Various bloggers are talking about who should be the new managing director of the International Monetary Fund. Here’s my nominee: nobody. The IMF should be abolished. I came across an article I wrote in Canada’s Financial Post in 1999. I think it still holds up. Some excerpts:

Even if the Mexican bailout had been a success in this broader sense, the IMF subsidy sent, and other bailouts are sending, two bad signals. First: If you’re a government official who screws up your economy enough, the IMF will bail you out. Just this week, for example, the IMF loaned another $4.5-billion to the Russian government, $1.9-billion of which will be used to pay back an earlier IMF loan. The new loan was made contingent on Russian parliamentary approval of a package of new laws. Some of the laws, ironically, will increase taxes on Russians, as if what a formerly communist country needs to get its house in order is to tax its people more. The second signal the IMF bailouts send is to investors, who will make much riskier investments than otherwise because the downside is covered. Investors are saying, in essence, “heads I win, tails I break even.” Neither foreign governments nor investors are missing that signal.

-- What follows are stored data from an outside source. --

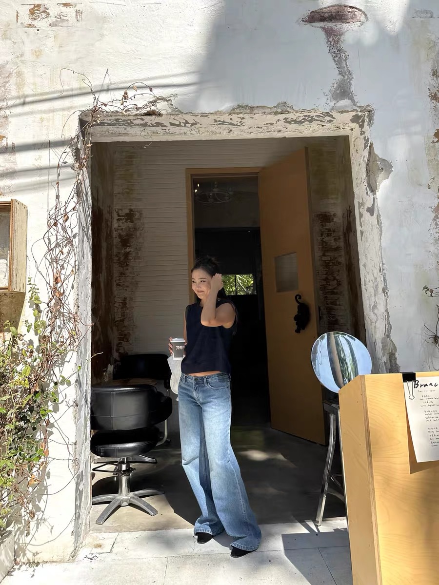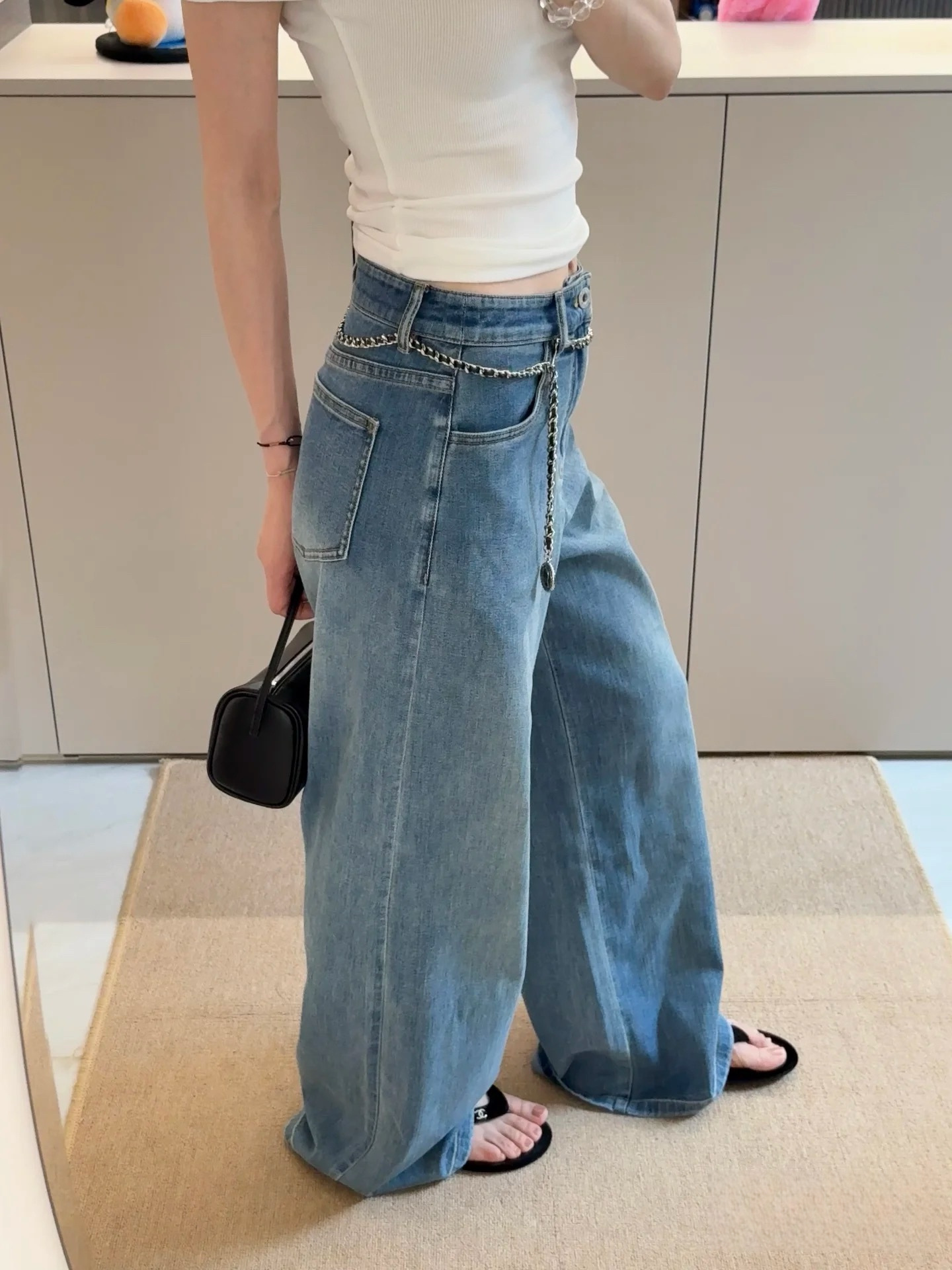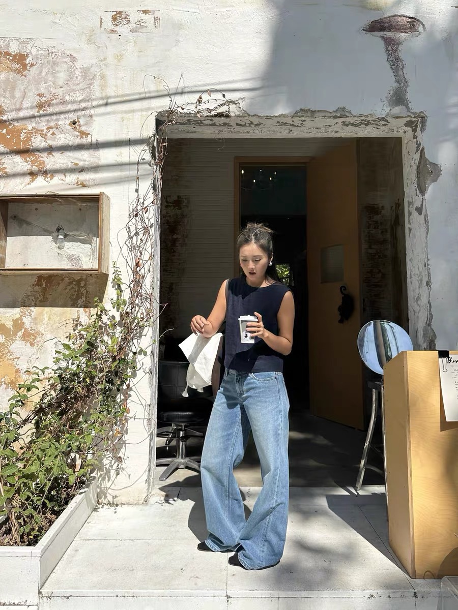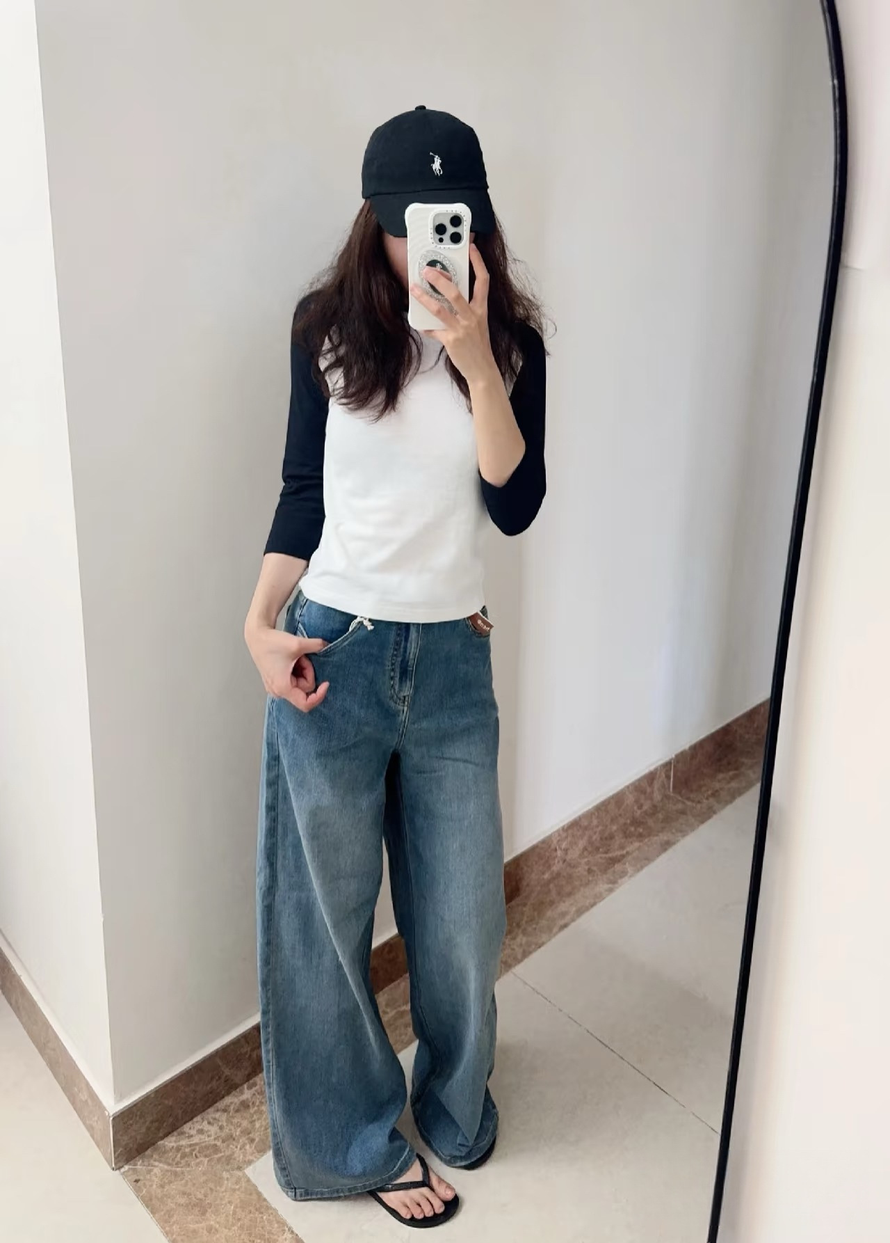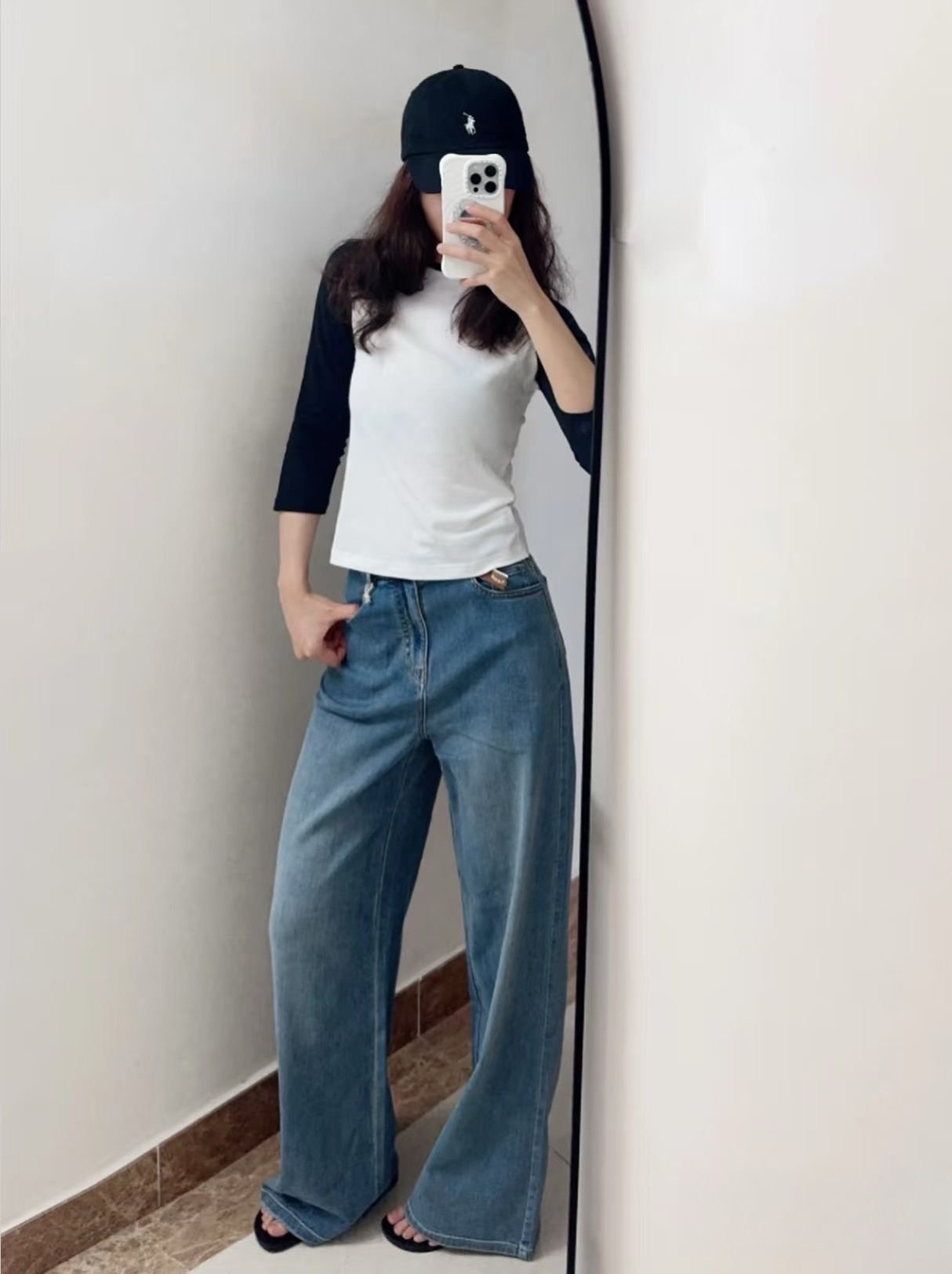 새로운 슬림 1343M 중간 허리 클래식 복고풍 실루엣 부드럽고 얇은 통기성 여름 여성용 와이드 레그 데님 바지 5017스토어 가기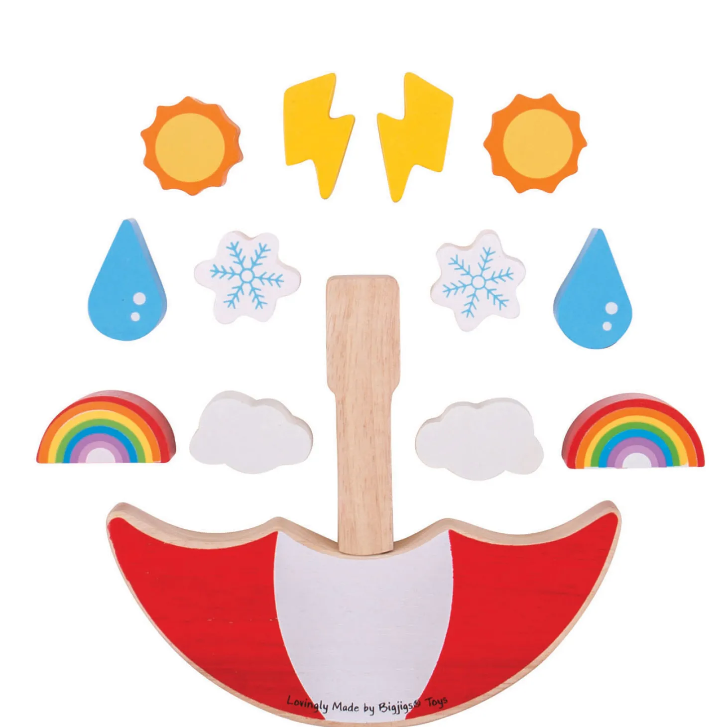 Wat ziet het er vrolijk uit, dit Houten Balansspel Weer! Plaats de grote rood met wit gestreepte paraplu ondersteboven en probeer hier de zonnetjes, wolkjes, regendruppels, regenboogjes, sneeuwvlokjes en bliksemflitsen bovenop te plaatsen. Lukt het jou en je vrienden om ze allemaal te plaatsen, zonder dat ze vallen in dit Houten Balansspel Weer?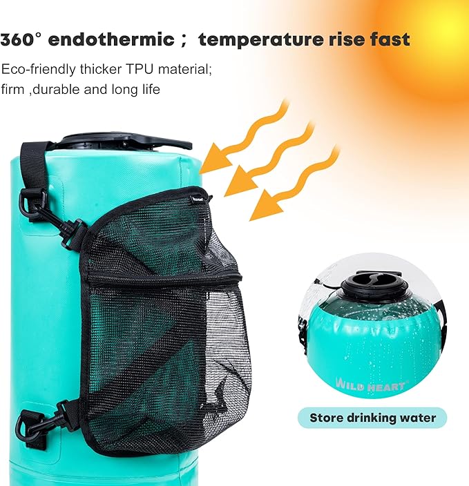 • The shower bag is made of waterproof material TPU through high-frequency voltage technology, which is more durable and can hold drinking water.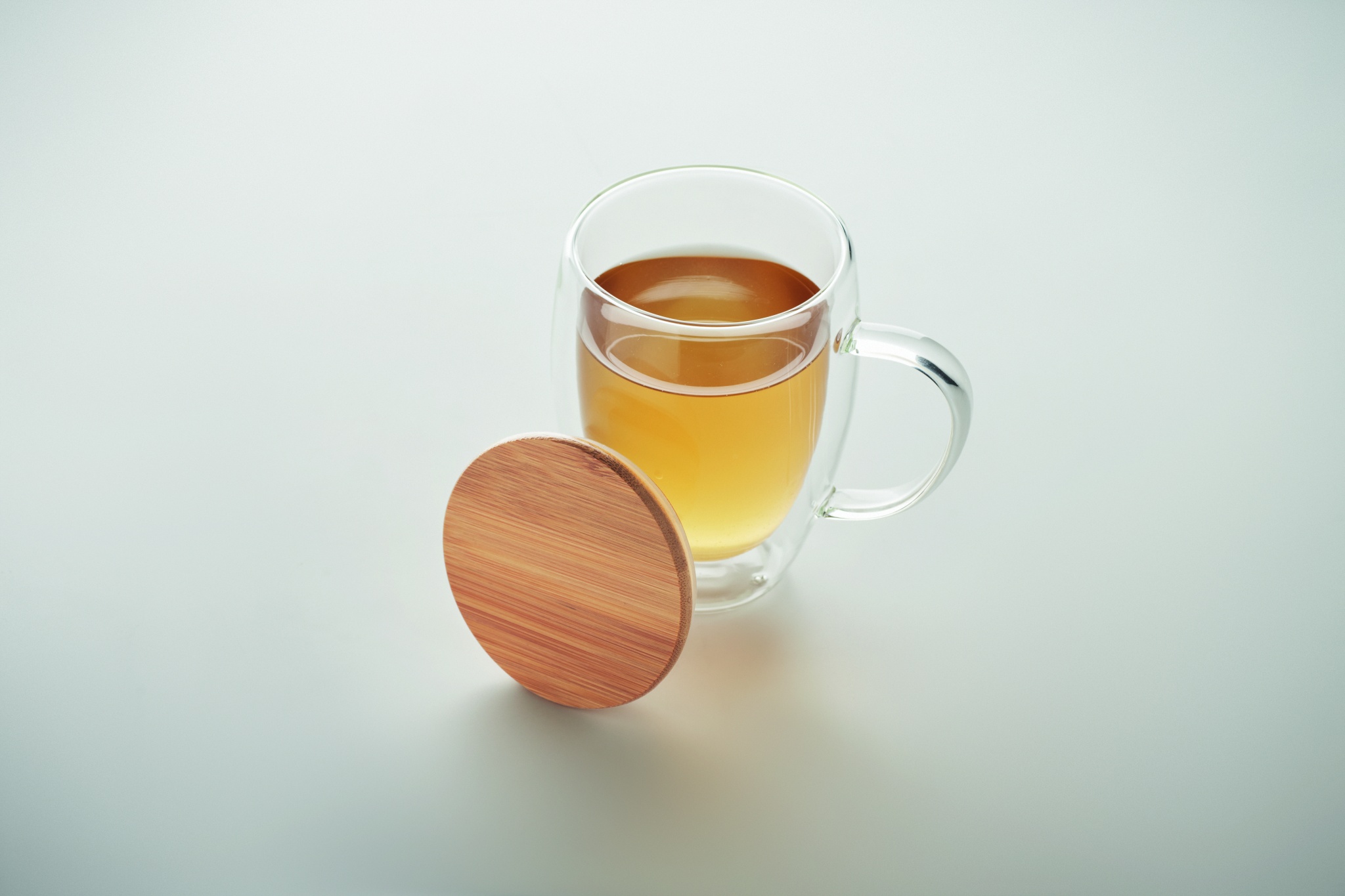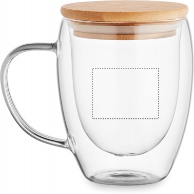 Кружка из боросиликатного стекла с двойными стенками, ручкой и бамбуковой крышкой. Объем: 300 мл.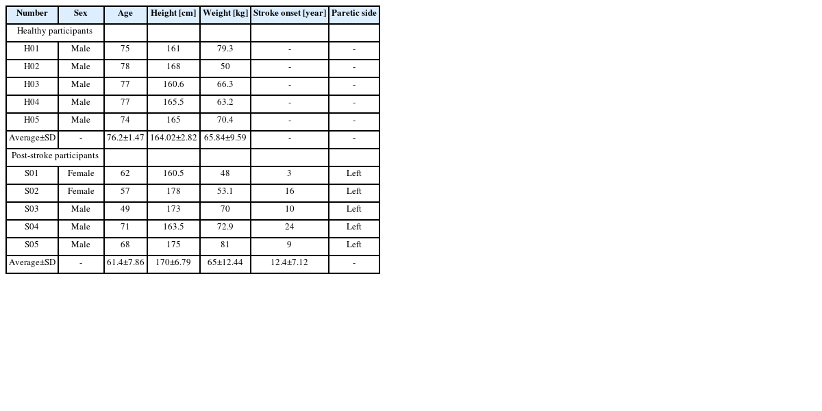 과거 신경계 혹은 근골격계 질환을 앓고 있지 않은 건강한 고령자 5명(74-78세)과 만성 뇌졸중 환자 5명(49-71세)이 실험에 참여하였다. 만성 뇌졸중 환자의 모집 기준은 뇌졸중 발병 이후 6개월 이상 지났으며 보조기구 없이 독립 보행이 가능한 지원자로 제한하였다. 또한 안정상태에서 혈압이 90/60에서 170/90 mmHg 범위를 벗어난 경우와 심한 통증 및 소통 불능인 경우를 배제하는 기준으로 삼았다.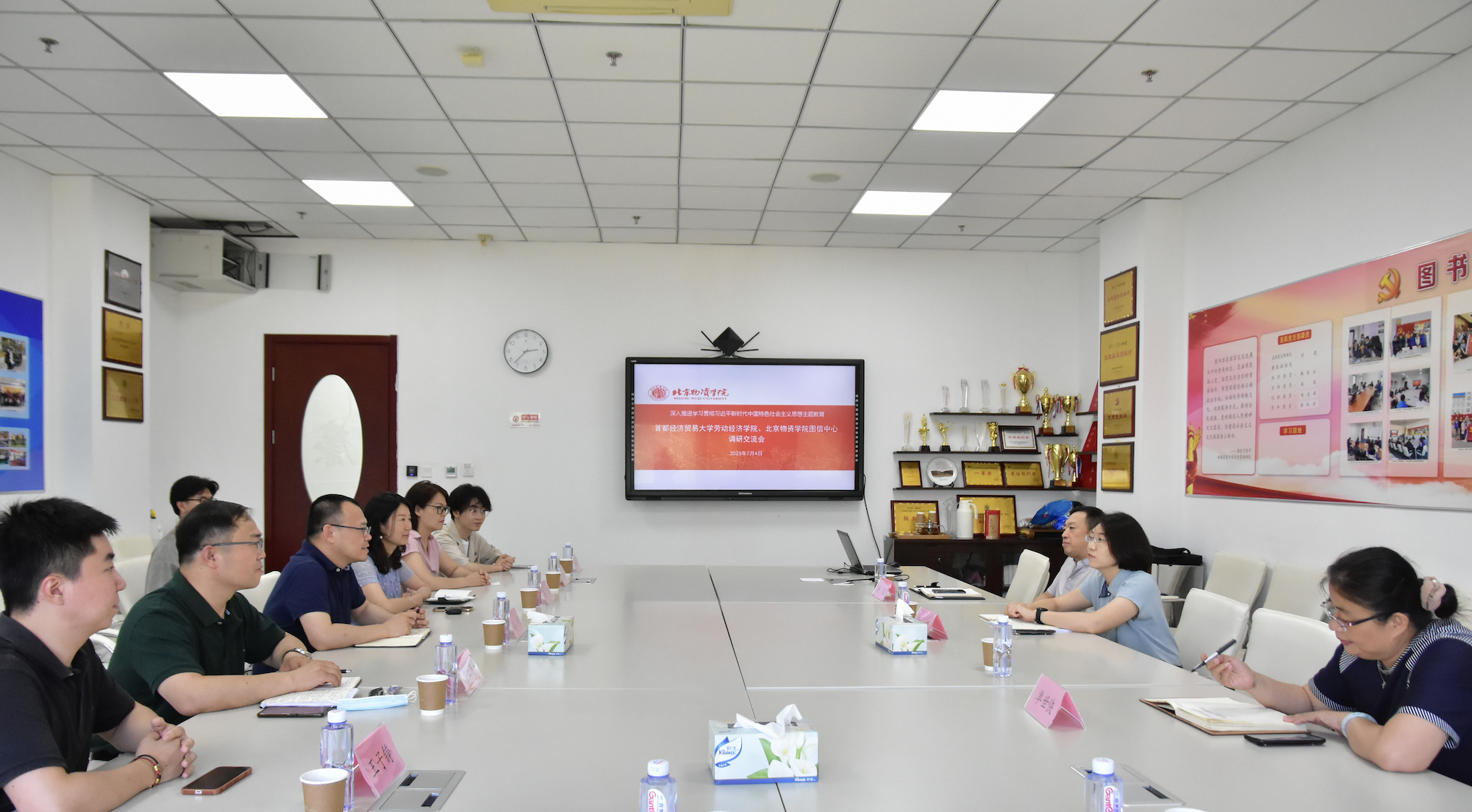 为深入学习贯彻习近平新时代中国特色社会主义思想主题教育,进一步开展劳动科学文库和人才学史料馆的筹建工作,7月4日下午,我院赴北京物资学院图书与信息中心开展调研座谈。蜜桃视频 党委书记冯博,党委副书记孙乐,北京物资学院图信中心直属党支部书记付莉,北京物资学院图信中心主任顾煜,北京物资学院图信中心副主任单世侠,蜜桃视频 院长助理、人才学系系主任苗仁涛,人才学系党支部书记陈书洁等参加本次调研。

In a recent Fortune article, MIT economist Paul Krugman minimized the IMF’s harmful effect because it has “very little actual money.” But apply that same reasoning to the 1980s U.S. savings and loan crisis. Just as the IMF subsidizes investors’ downside risk, the Federal Savings and Loan Insurance Corp.’s (FSLIC) deposit insurance gave depositors zero incentive to monitor the S&Ls’ loan portfolios. In 1983, shortly before the S&L crisis was at its worst (in the end, it cost more than $175-billion in present-value terms), the FSLIC had only about $6.4-billion in the kitty. By Mr. Krugman’s reasoning, the S&L crisis didn’t happen. Think of the IMF as a giant FSLIC. The crucial factor is not the IMF’s funds at any point in time, but how much more it can get. Just recently, the U.S. government gave it $18-billion.

And:

Last year, when Russian official Anatoly Chubais bragged to the Russian press that he had “conned” the IMF and its chief negotiator, Stanley Fischer, none of us taxpayers who paid the price could legally take action against Mr. Fischer. He wasn’t fired, and he and the IMF have continued to make loans. An even greater “moral hazard” than is implicit in IMF loans is the moral hazard in giving such power to a small group of people. Their power must end.